I've had a migraine since Friday that is only now starting to fade. I spent Saturday at first a wedding shower, and then a musical (Hairspray. Gah. Both events were inescapable). I don't think either the bride-to-be or my future in-laws, who bought us the tickets, had any idea that anything was wrong, but in so doing, I used up any ability I had to keep my chin up and suffer through with dignity.
You see, I was raised by my mother, a woman who works hard, loves hard, worries hard, and never lets a little thing like crippling pain stand in her way. (Of course, my sister and father and I could tell when she had a migraine, as she was way less fun than usual, and tended to kind of look through you when you were talking).
I normally attempt to emulate her, and do a good job--this is something that I have, and it's not going away (meds, accupuncture, eliminating red wine be damned for uselessness) and I'm not going to let it affect my life any more than it has to.
Unfortunately, the combination of musical and migraine pretty much destroyed my will to live at all, and so I spent Sunday and Monday either collapsed on the couch in front of Sports Night (Aaron Sorkin's quick dialogue forces me to concentrate on something other than pain) or knitting something mildly complicated.
So I decided to try Perdita. It was small, every row was different, and it involved something I'd never tried--beading.
I've knit patterns upon patterns that called for beading, but I've skipped the beads every time.
Part of the problem is that I'm too lazy to really research where on earth y'all are finding crochet hooks that are small enough to slip through a bead that isn't the size of my pinkie, and the other part of the problem is that stringing several hundred beads onto a ball of yarn sounded like something bound to induce a migraine, not alleviate one.
But fifty beads--that I could probably handle. I rummaged through my stash and grabbed the prettiest remnant I could find (Jade Sapphire Silk-Cashmere), borrowed RockNoodle's jewelry-making kit, and threaded the beads onto the yarn via a sewing needle and thread.*
The problem was, despite the fact that all the beads were the same size, they didn't all fit on my needle. Some did, but some didn't, and so searching through RockNoodle's not-terribly-organized beads for a) beads that were the right size and color and b) beads that not only appeared to be all those things but actually were all those things when put to the test could potentially have been an exercise in extreme frustration.

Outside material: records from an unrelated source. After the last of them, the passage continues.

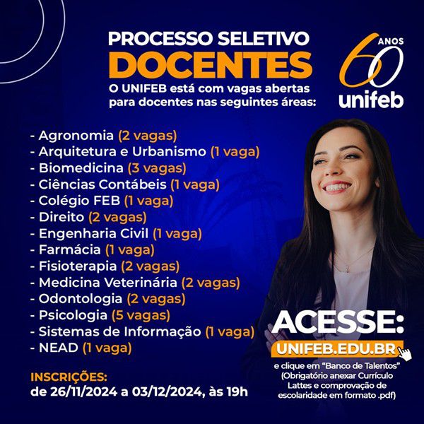 UNIFEB lança inscrições de processo seletivo para contratação de novos docentes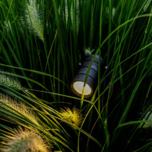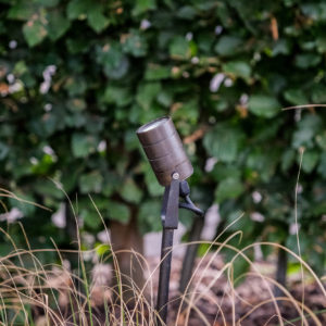 Wanneer de zon ondergaat, schakelt de tuinverlichting automatisch aan. De bomen, planten en struiken lichten op en maken deze landelijke tuin uiterst gezellig om in te vertoeven. We kozen voor koperen Quinn grondpinnen die zeer slank zijn van design. Op die manier vallen ze helemaal niet op tussen het groengewas en dat maakt het plaatje des te mooier.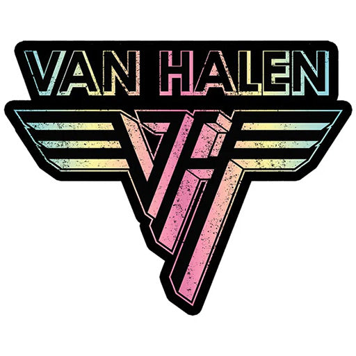 Die-cut, colorful Van Halen logo sticker. Slightly distressed look.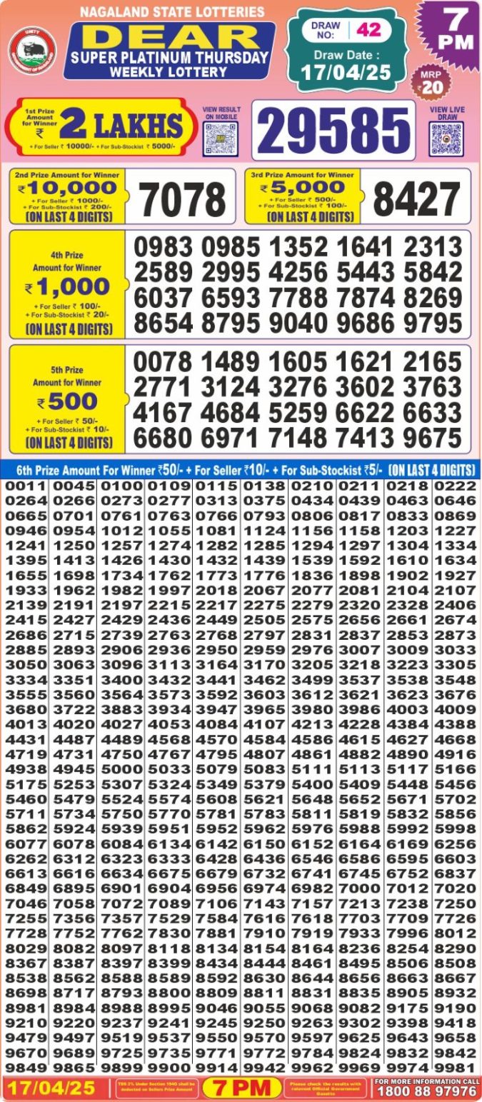 Dear 10 yellow lottery 1.30PM Result 19.4.25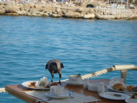 На свежем воздухе в ресторанах прикольно - красивый вид, но кучи воробьев и ворон и засранная мебель превращала эти места в курятник. Также сложно отойти от стола - на него сразу садятся птицы и жрут все, даже огурцы и сахар.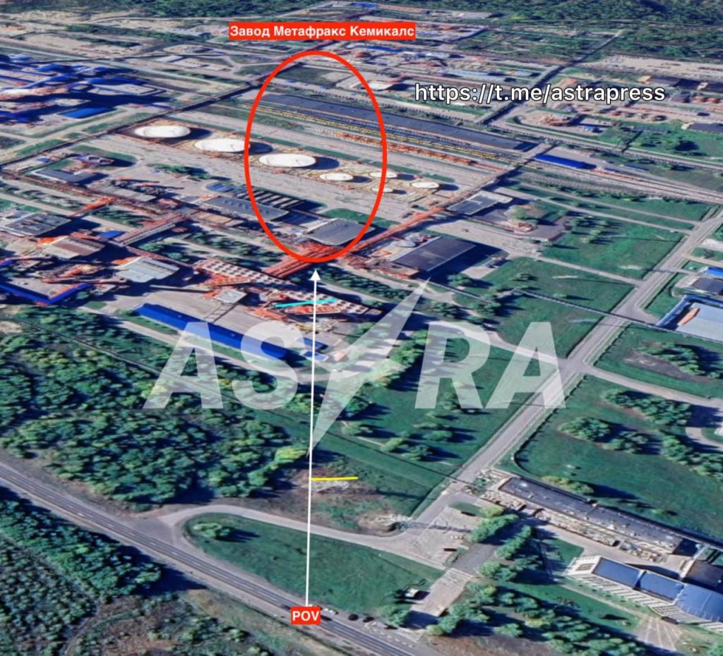 БПЛА нанесли удар по химическому предприятию «Метафракс Кемикалс» в Губахе Пермского края, установила ASTRA с помощью OSINT-анализа фото очевидца, опубликованного украинским ТГ-каналом Exilinova+. Кадр сделан в примерно в 400-600 метрах от завода «Метафракс Кемикалс». завод находится примерно в 1600 км от Украины.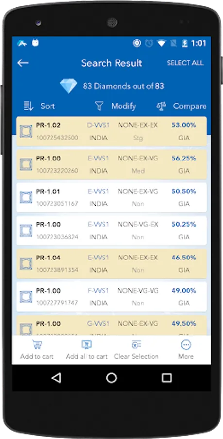 The App gives a fantastic opportunity to compare, calculate, filter, sort & personalize the diamond list as per your requirement.
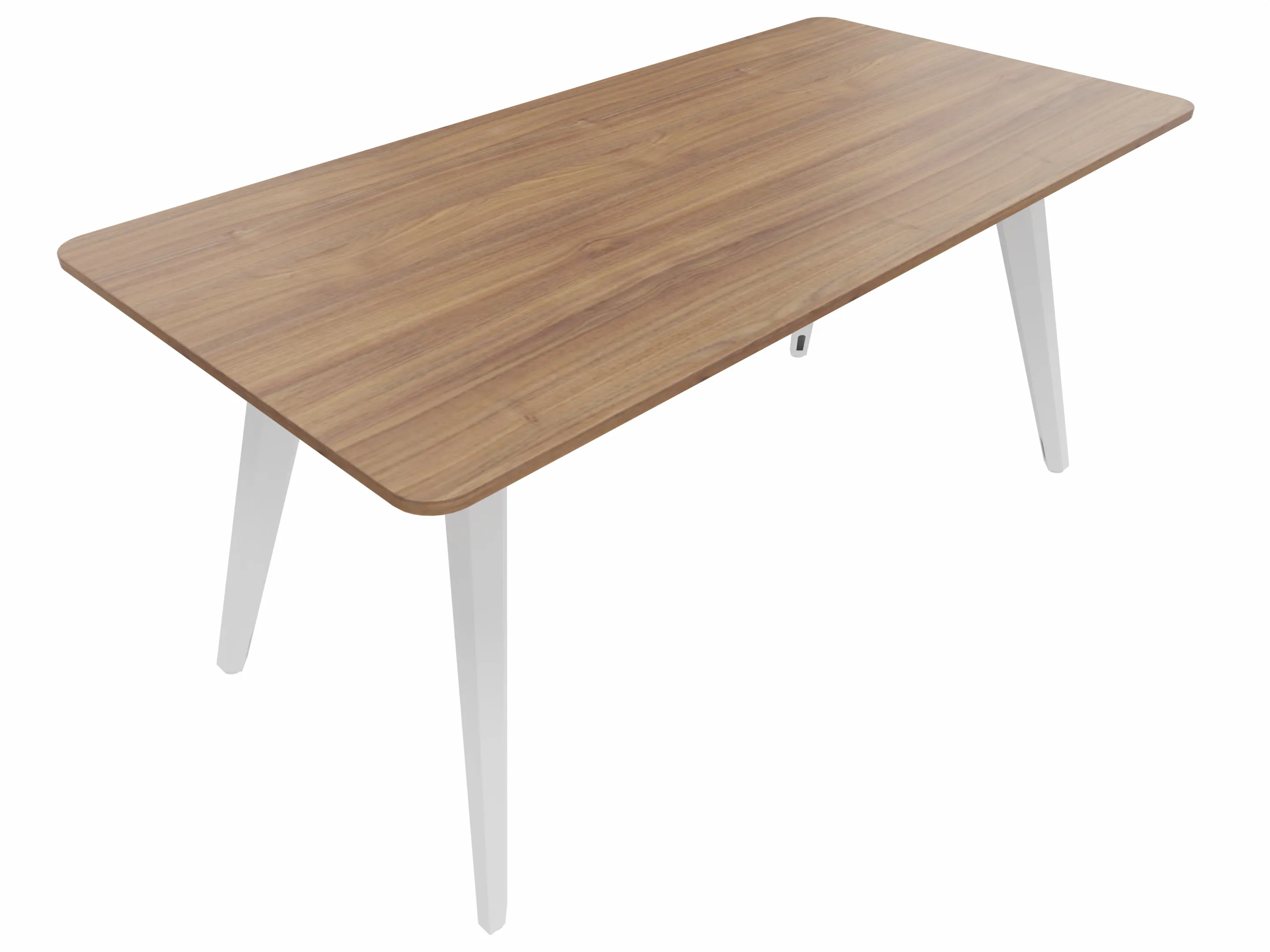 Vergadertafel met 4 schuine poten met kabelvoorziening en een rechthoekig blad. Afmeting: 1600 x 900 x 740mm (BxHxD)

Luckily, however, I found it more of a Zen-like experience. Search, attempt to string, fail. Search, attempt, fail. Search, attempt, succeed--mild burst of pleasure. And so forth.
Not to mention, occasionally stabbing my fingers with the needle provided a kind of relief--much like when I was a kid and complained that my arms/feet/whatever hurt, and my Dad offered to help out by cutting off a finger to distract me.
In any case, there's nothing so relieving as producing something, something beautiful and utterly frivolous.
*I'm sure this is the wrong way to do it--but it's what Kim Hargreaves told me to do. I listen to Kim Hargreaves.
1 comment:
The pain thing (stabbing is good) is the dual-gate theory. And it works. Wesleyan psych 101 was good for something other than convincing me not to take more psych classes.